What is needed - Leaving out all pictures, repeat exactly the lines from the one that holds "Para seguir los" to the last line of the entries below.

Supplied information -
___

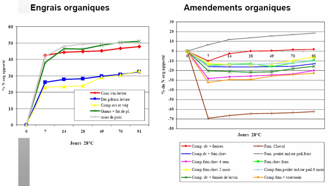 De ces essais, peut donc être mis en avant l’intérêt d’une fertilisation précoce des blés (dès mi-février si les conditions le permettent), au vu d’une diminution de la fréquence potentielle des pluies en climat méditerranéen avec la fin de l’hiver ou le début du printemps. Au vu de ce climat compliqué, et en l’absence d’irrigation, il est également conseillé de choisir des fertilisants capables de minéraliser rapidement. Des produits comme la vinasse de betterave, de soies de porc ou de guano avec des farines de plume ont une vitesse de minéralisation plus importante (50 % de minéralisation de l’azote sous 90 jours) comparé à d’autres produits (30% en 90 jours) (Figure 4).
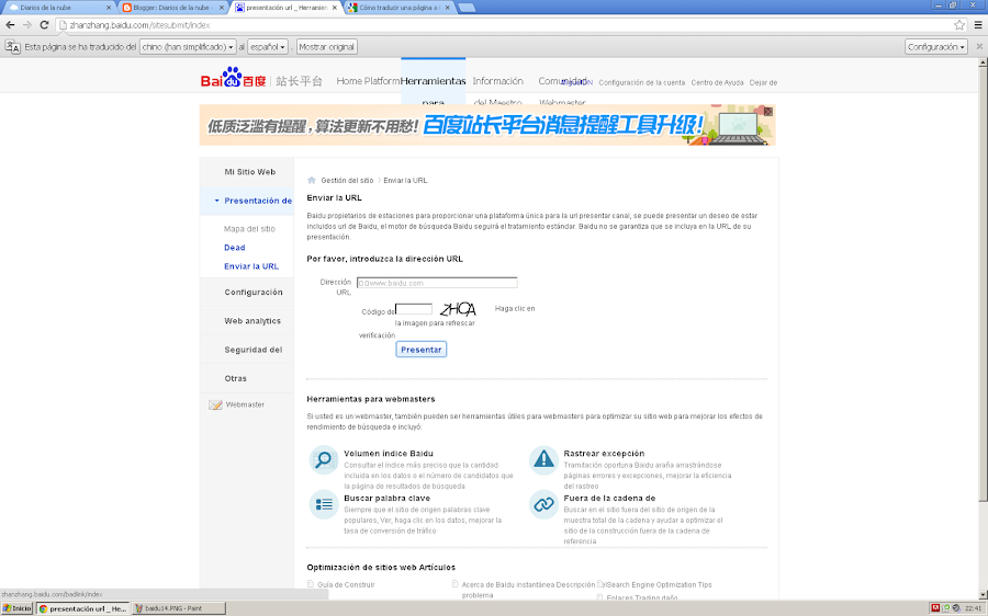 Para seguir los pasos utiliza Google Chrome pues va a ser necesario utilizar su tecnología de traducción para poder utilizar las herramientas de webmaster sin saber chino.
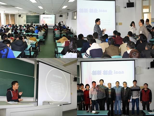 大会邀请了ICAN组委会副主席、基金会主席杨剑波先生、物理系党总支副书记朱绮彪老师及美新杯指导教师姜健生老师。杨总亲切地为大家做了“ICAN项目孵化,精准就业创业”演讲,演讲幽默诙谐而不失严肃认真,他还走下台去与同学们近距离互动,极大地调动了同学们的热情。
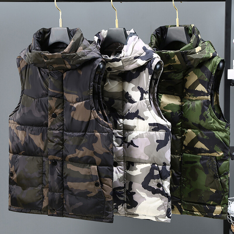 Männer Puffer gesteppt Kapuze Weste warm metallisch glänzender Gilet -Blasenjacke Mantel
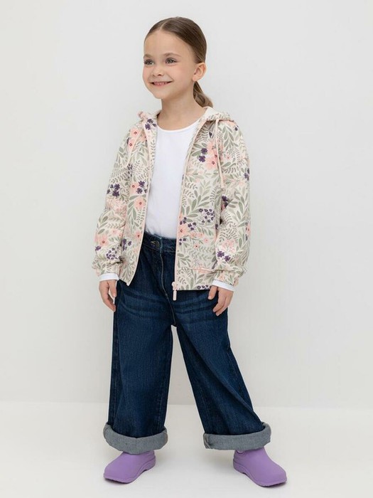 Трикотажная толстовка на молнии с капюшоном для девочки из мягкого набивного футера петли. Модель с боковыми карманами и манжетами на резинке.
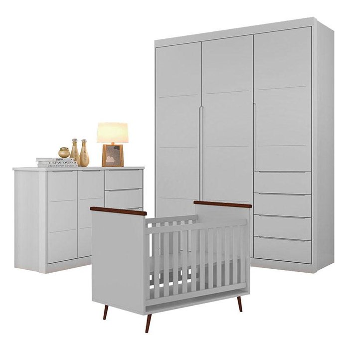 Quarto de Bebê Blenda com Berço Alice Cinza Acetinado - Phoenix Baby
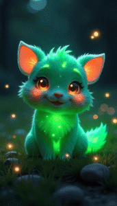 Adorable neon creature shines bright amidst glowing forest fireflies. #Fantasy
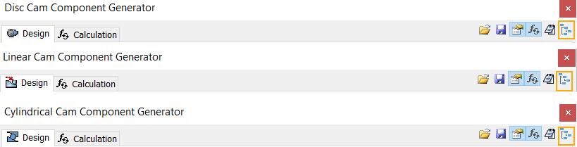 More in the right lower corner of the Design tab to set additional options for cam design. - (Optional) Click
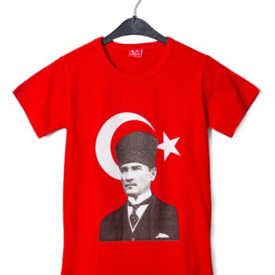 Kısa Kollu Dijital Baskılı Kırmızı Beyaz Atatürk Kalpaklı Çocuk T-shirt
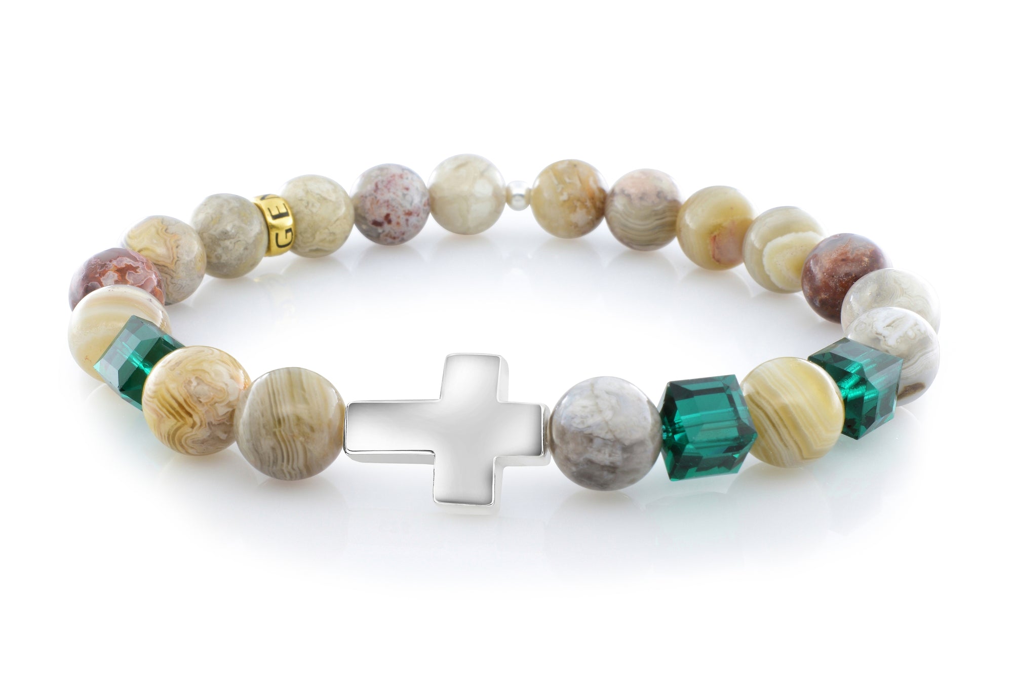 Our May Emerald Mexican Agate bracelet is completely handmade with natural 8mm Mexican Agate gemstones. This piece is designed around three stunning 6mm Swarovski emerald crystal cubes and a premium 925 sterling silver cross. Our signature Gemvius 24k gold vermeil spacer is added near the back as a mark of where the piece was created.
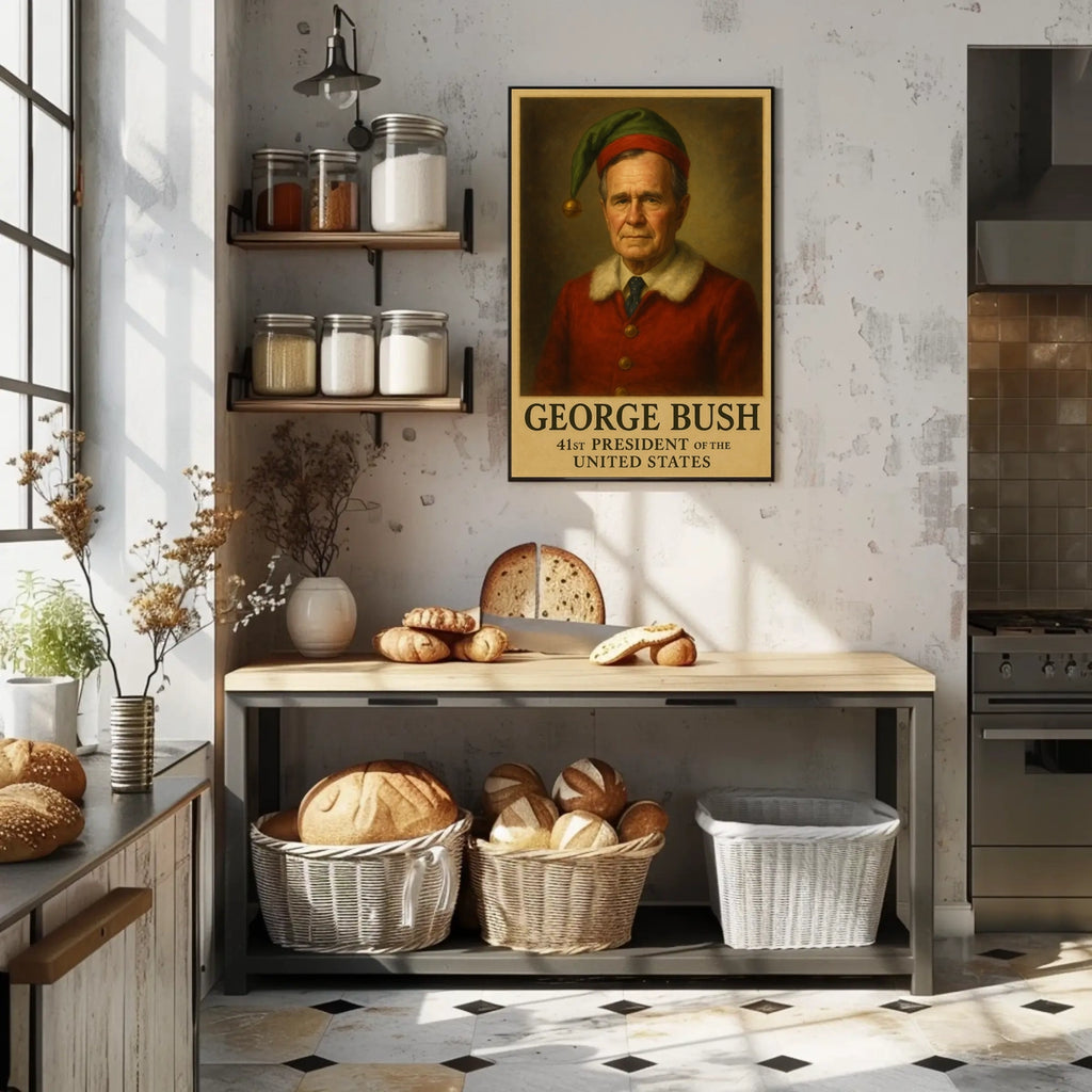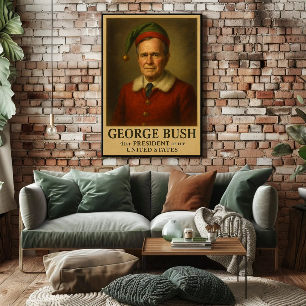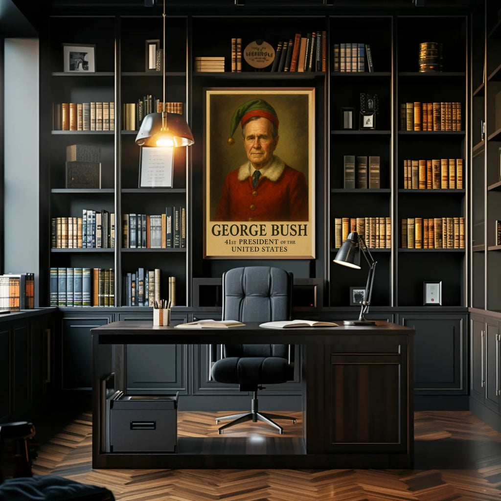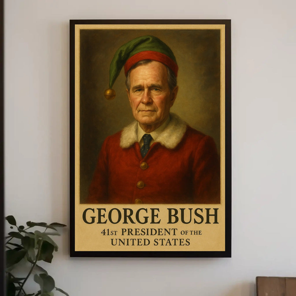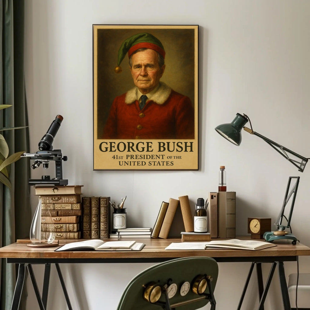Infuse your space with a conversation-starting blend of history and holiday whimsy—a George Bush art piece that doubles as presidential decor and funny holiday poster.
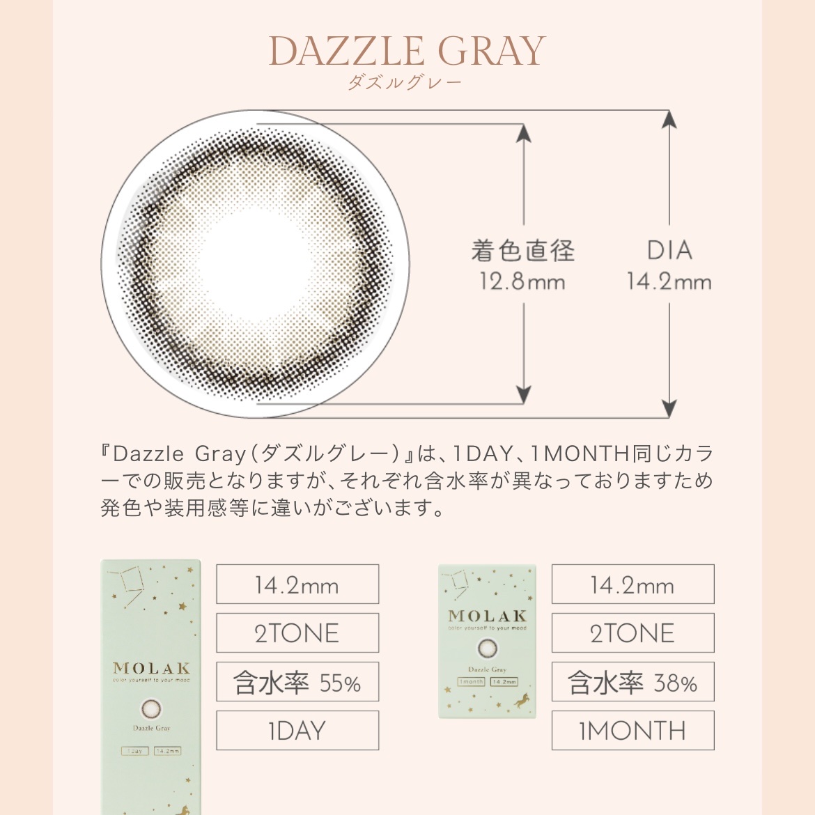 【使った商品】MOLAK1month(ダズルグレー、ドーリッシュグレー)【商品の特徴】①ダズルグレー・自然に盛れる・ザ・グレー・フチくっきり・着色直径小さめ(12.8mm)※奥目でも綺麗に発色しました②ドーリッシュグレー・ガッツリ盛れる・青み...

___

Response box -
 Para seguir los pasos utiliza Google Chrome pues va a ser necesario utilizar su tecnología de traducción para poder utilizar las herramientas de webmaster sin saber chino.
 大会邀请了ICAN组委会副主席、基金会主席杨剑波先生、物理系党总支副书记朱绮彪老师及美新杯指导教师姜健生老师。杨总亲切地为大家做了“ICAN项目孵化,精准就业创业”演讲,演讲幽默诙谐而不失严肃认真,他还走下台去与同学们近距离互动,极大地调动了同学们的热情。
 Männer Puffer gesteppt Kapuze Weste warm metallisch glänzender Gilet -Blasenjacke Mantel
 Трикотажная толстовка на молнии с капюшоном для девочки из мягкого набивного футера петли. Модель с боковыми карманами и манжетами на резинке.
 Quarto de Bebê Blenda com Berço Alice Cinza Acetinado - Phoenix Baby
 Adorable neon creature shines bright amidst glowing forest fireflies. #Fantasy
 More in the right lower corner of the Design tab to set additional options for cam design. - (Optional) Click
 Kısa Kollu Dijital Baskılı Kırmızı Beyaz Atatürk Kalpaklı Çocuk T-shirt
 Our May Emerald Mexican Agate bracelet is completely handmade with natural 8mm Mexican Agate gemstones. This piece is designed around three stunning 6mm Swarovski emerald crystal cubes and a premium 925 sterling silver cross. Our signature Gemvius 24k gold vermeil spacer is added near the back as a mark of where the piece was created.
Infuse your space with a conversation-starting blend of history and holiday whimsy—a George Bush art piece that doubles as presidential decor and funny holiday poster.
 【使った商品】MOLAK1month(ダズルグレー、ドーリッシュグレー)【商品の特徴】①ダズルグレー・自然に盛れる・ザ・グレー・フチくっきり・着色直径小さめ(12.8mm)※奥目でも綺麗に発色しました②ドーリッシュグレー・ガッツリ盛れる・青み...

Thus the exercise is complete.